The Teenage Cancer Trust performances are back for another year at the Royal Albert Hall, and as well as continuing to raise great amounts of money for troubled youngsters, they’re still attracting some of the biggest names in music.
Over the years, we’ve seen the likes of Oasis, Coldplay and Franz Ferdinand take to the stage in the name of charity, and tonight witnessed lauded Londoners Bloc Party headline a complete sell out, with Scottish rockers Biffy Clyro and current indie darlings Mystery Jets in support.
For the latter, there was always going to be a danger that their ramshackled musical arrangements may be something of a lead balloon on an occasion such as this, but their typically entertaining and eventful set was met with polite applause all round.
To their immense credit, it must be said, they were totally unfazed by the foreign audience, trawling through highlights of their album Making Dens with a great flair and composure. When they closed with an exuberant run through of Alas Agnes, which saw each band member in full throttle, there were few who weren’t nodding their heads in approval.

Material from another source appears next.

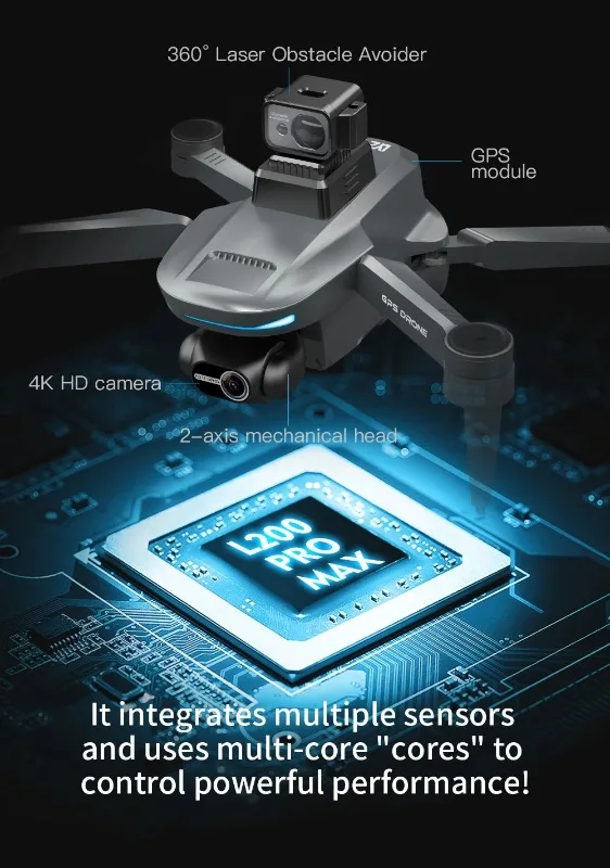 NEW L200 PRO MAX 2-Axis Gimbal 360° Drone 4K Professional Obstacle Avoidance Brushless Motor GPS Quadcopter FPV RC Drones Toy

Widely regarded as more emo than indie, Biffy’s presence here did seem something of an anomaly. Any notions of pigeon-holing aside, however, it was very difficult to find fault in their performance. Their songs are complex in nature, often veering from intricate guitar notes to bone crunching riff to shouty, then melodic vocals. This was not always a crowd winning formula, but when they did hit the right notes, on Justboy and set closer 57, it was rather compelling.

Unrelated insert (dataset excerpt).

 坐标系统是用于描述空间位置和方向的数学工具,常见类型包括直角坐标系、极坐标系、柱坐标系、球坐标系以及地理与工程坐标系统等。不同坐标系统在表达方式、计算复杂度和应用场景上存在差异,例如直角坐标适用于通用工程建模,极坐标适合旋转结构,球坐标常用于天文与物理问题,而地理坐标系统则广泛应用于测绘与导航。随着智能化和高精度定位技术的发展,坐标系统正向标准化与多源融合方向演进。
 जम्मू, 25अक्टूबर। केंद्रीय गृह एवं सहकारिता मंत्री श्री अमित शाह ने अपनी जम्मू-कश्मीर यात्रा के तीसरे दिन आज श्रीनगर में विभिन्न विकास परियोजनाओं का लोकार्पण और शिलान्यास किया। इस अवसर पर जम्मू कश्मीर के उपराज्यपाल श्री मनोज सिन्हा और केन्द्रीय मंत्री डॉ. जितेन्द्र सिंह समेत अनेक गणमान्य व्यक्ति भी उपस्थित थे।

After a short visual presentation to inform the audience where exactly their hard-earned money was going, it was then time for Bloc Party to round off the evening’s proceedings. Their recently completed fan-club tour of the UK saw them air selections of newly penned material along with old favourites, and tonight proved to be a continuation of this trend.
Opening with the recently coined Waiting For The 7.18 was a bold move. It’s not often bands are afforded such a luxury as to kick off a gig with an unknown song, but Bloc Party managed to pull it off in some style. The fact that it’s an expansive, big sounding, beast of a track complete with some wide reaching vocals courtesy of Kele Okereke certainly helped, but it was performed with the enthusiasm of a child wanting to show you a new toy, something which the audience acknowledged with deafening cheers.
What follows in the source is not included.